Provide an Input: "Write a short story about a robot learning to dance."
Adjust generation settings:
- Max New Tokens: 200
- Temperature: 0.7
- Top K: 50
- Top P: 0.95
Run the workflow.
The Text output will contain the generated story, which you can feed into a Text Display component or use in downstream logic.

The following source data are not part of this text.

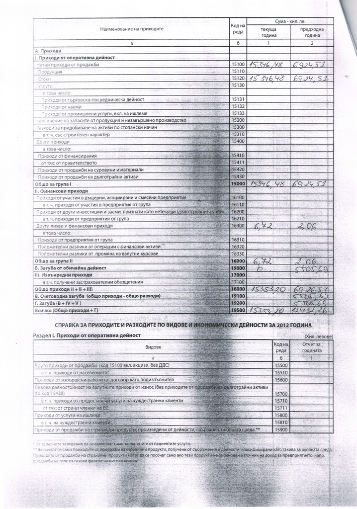 ГФО на "ТОНЧЕВ - ДИМИТЪР ТОНЧЕВ" ЕТ за 2012 г.
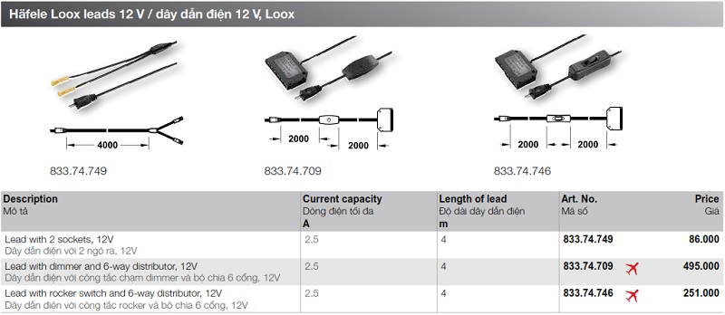 Bảng mã dây dẫn điện Hafele Loox 12V
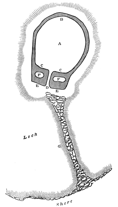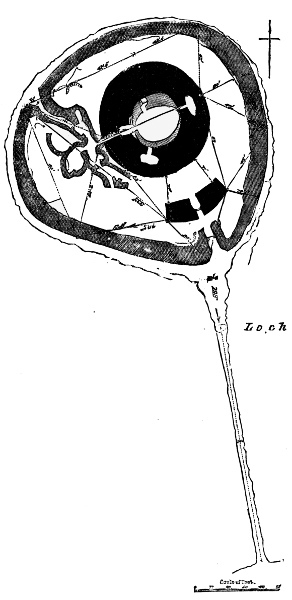 97. That the use of such strongholds in the lochs of Scotland and Ireland continued in historic times is abundantly attested. In the Register of the Privy Council of Scotland, under the date of 14th April 1608, one of the articles proposed to Angus M’Coneill, of Dunnyvaig, and Hector M’Clayne, of Dowart, for reducing them and their clans to obedience is:—“That the haill houssis of defence, strongholdis, and cranokis in the Yllis perteining to thame and their forsaidis sail be delyverit to His Majestie.” Three-legged pots of brass, and ewers of the forms in use from the thirteenth to the sixteenth century and later, have been found in several of the Scottish Crannog sites. The Irish Annals contain frequent notices of the taking of Crannogs. For instance:—"A.D. 1436. The Crannog of Loch Laoghaire was taken by the sons of Brian O’Neill. On their arrival they set about constructing vessels to land on the Crannog in which the sons of Brian Oge then were; on which the latter came to the resolution of giving up the Crannog to O’Neill and made peace with him."—Annals of the Four Masters.
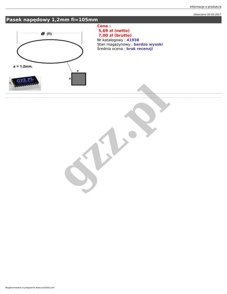 Informacje o produkcie Utworzono 02-03-2017 Pasek napędowy 1,2mm fi=105mm Cena : 5,69 zł (netto) 7,00 zł (brutto) gz z .p l Nr katalogowy : 41938 Stan magazynowy : bardzo wysoki Średnia ocena : brak recenzji Wygenerowano w programie www.oscGold.com
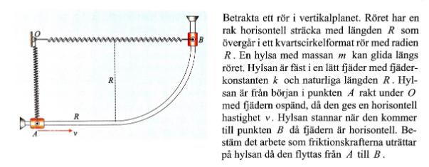 Jag tänker att man skulle kunna ta fram hylsans potentiella energin pga. höjd vid A och B, där hB = R och hA = 0. Sedan tar fram potentiella fjäderenergin Vfj =1/2 kR^2. Sedan ställa upp ekvationen "på något sätt".
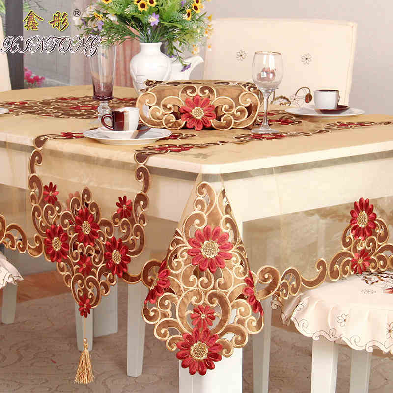 Banquet Wedding Party Tablecloth Red Floral Dinning Table Runner
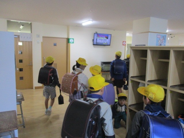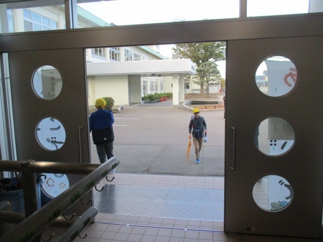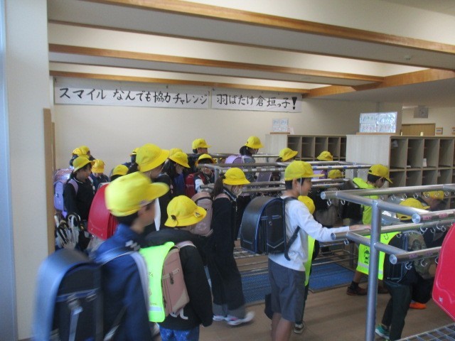 今朝の児童玄関の様子です。曇り空です。子供たちが元気に登校してきました。
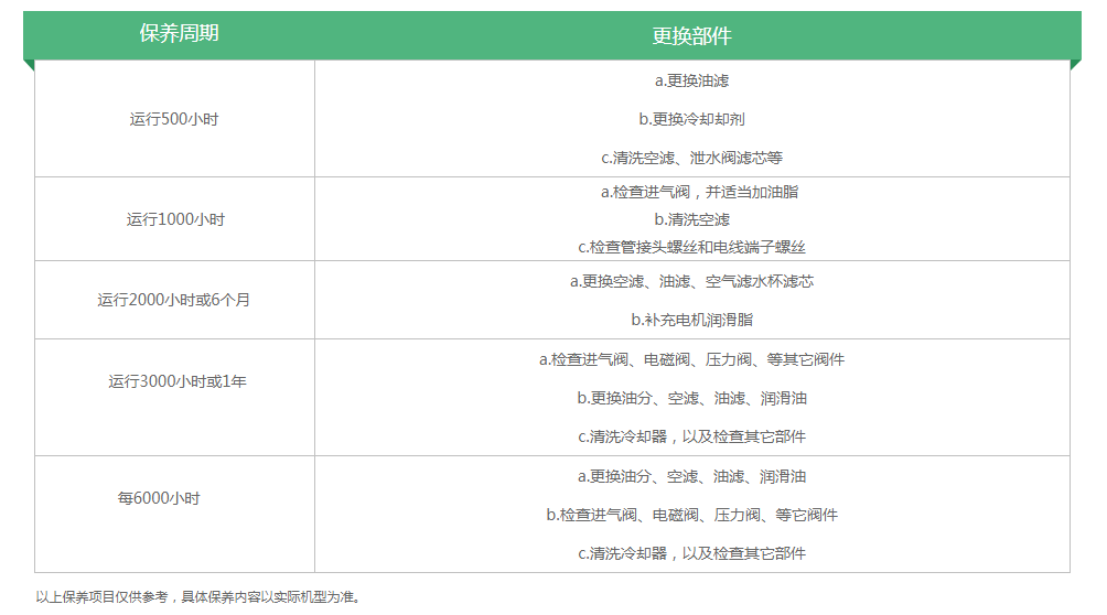 当然了,空压机维修保养的内容还有很多,比如补充电机润滑脂、检查进气阀、电池阀、压力阀、清洗冷却器、检查管接头螺丝和电线端子螺丝等。如果您有任何空压机保养上的问题都可以直接现在咨询我们,最后为大家附上小编整理的空压机保养周期表:(内容仅供参考)

OpenAI – Generate text using OpenAI models.
Google Gemini – Access Google’s Gemini language models.
Azure OpenAI – Use Azure‑hosted OpenAI services.
LLM Callback – Capture and log model responses for monitoring.

Tips and Best Practices

Choose the right model size: Larger models produce higher quality text but consume more tokens and may be slower.
Use mapping mode for batch processing: When you need to generate text for many prompts, enable Mapping Mode and connect a data source.
Adjust temperature for creativity: Lower temperatures (e.g., 0.2) give more deterministic outputs; higher temperatures (e.g., 0.8) add variety.
Limit Max New Tokens: Setting a reasonable limit prevents runaway token usage and keeps costs down.
Set Repetition Penalty: A value slightly above 1.0 (e.g., 1.2) can reduce repetitive output.
Use retries sparingly: If you experience transient network issues, increase Retry Attempts; otherwise keep it low to avoid unnecessary delays.

Security Considerations

Keep your API token secret: Store it in a credential and never expose it in logs or shared workflows.
Use HTTPS endpoints: The default inference endpoint uses HTTPS; if you provide a custom endpoint, ensure it is secure.
Limit access to the component: Only users who need to generate text should have permission to configure this component.